67 ONLINE LENDERS SUMMONED FOR SHAMING CLIENTS
The National Privacy Commission (NPC) has summoned 67 online lenders for debt shaming their clients, choosing to reach out to them through newspaper publications after the agency could not pin down their physical addresses.
The NPC published on Friday an order for summary hearing directed at a long list of apps, whose agents or representatives used the personal information of their clients “to harass, threaten or coerce them to settle their loans,” the order read.
The order was published in newspapers of general circulation after the NPC could not send individual notices to the companies involved. They, including their respective boards of directors, were ordered to appear for a summary hearing at the PICC Complex along Roxas Boulevard in Manila on Oct. 15.
At this point, it is not clear how many companies operated the 67 apps since it is possible that one company would operate several platforms. The order only listed the names of the mobile apps.
This is also separate from the three online lending companies that NPC had charged for similar violations last month.
“Based on reports from our complaints and investigation division, the published list are those apps whose corporate names, physical addresses or email addresses cannot be identified for purposes of service of orders or notices,” said Leandro Aguirre, deputy commissioner at NPC.
This marks another development in an ongoing pursuit against companies who use the personal information of their clients to threaten them to settle their debts, a tactic that involves public shaming at the cost of losing the borrower’s reputation to friends, family and co-workers over an unpaid debt as small as P1,000.

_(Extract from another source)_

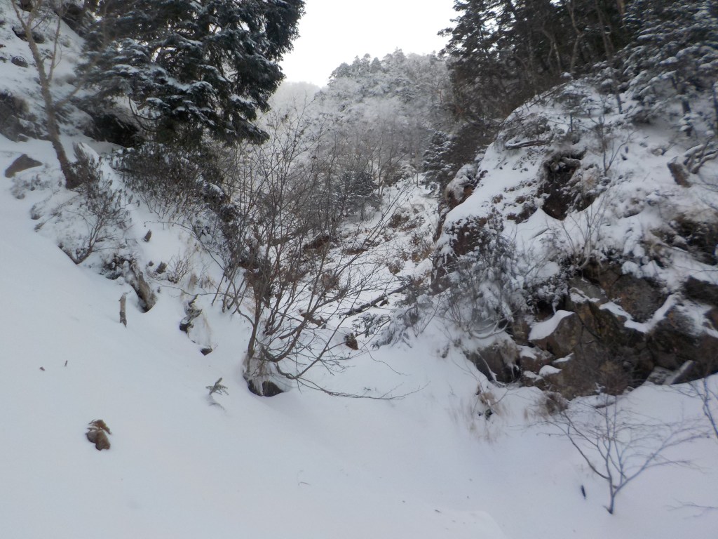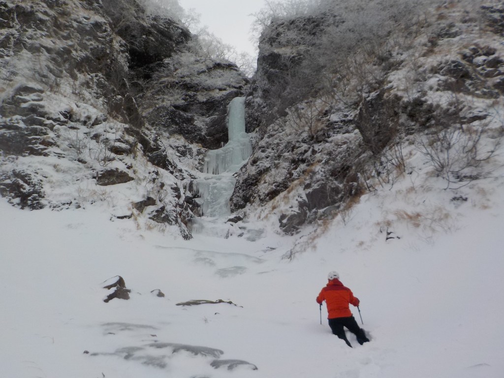 ・大同心沢はノートレースで大同心大滝までラッセルで時間がかかりました。小滝手前~大同心大滝基部までの雪は締まってなくて場所によっては胸まで潜りました。(大同心大滝が見えていてあと少しと思ったので面倒がってワカンを使わなかったのですが結果的に時間ロスだったのかな?せっかく持っていったのに・・・進藤みさんは忘れて持ってきませんでしたw)

“Failure to appear or comply with this order may warrant the issuance of a temporary ban on the processing of personal data and the submission of the complaints for decision based on individual evidence,” the order read.
The list of apps included Cashalo, but the NPC could neither confirm nor deny if this is the same mobile platform of Gokongwei-owned JG Summit Holdings Inc. and Hong Kongbased Oriente.
Last month, NPC’S fact-finding team filed charges against three online lending companies that accounted for 61 percent of the 921 complaints received by NPC since July last year.
These companies were Fynamics Lending Inc., which operates the Pon
dopeso app; Unipeso Lending Co., which operates the Cashlending app, and Fcash Global Lending Inc., operator of Fast Cash app.
The three companies and their directors were given 10 days last month to respond to the charges filed against them, including noncompliance with the legal requirements of processing personal data as well as malicious and unauthorized disclosure.
Aguirre told reporters on Thursday that Fynamics had asked for more time while the two others have filed motions to dismiss the charges.
He deferred from discussing the merits of the responses, which would be judged by the agency’s commissioner and deputy commissioners, including himself. He, however, said that they hoped to resolve the case before the year ends.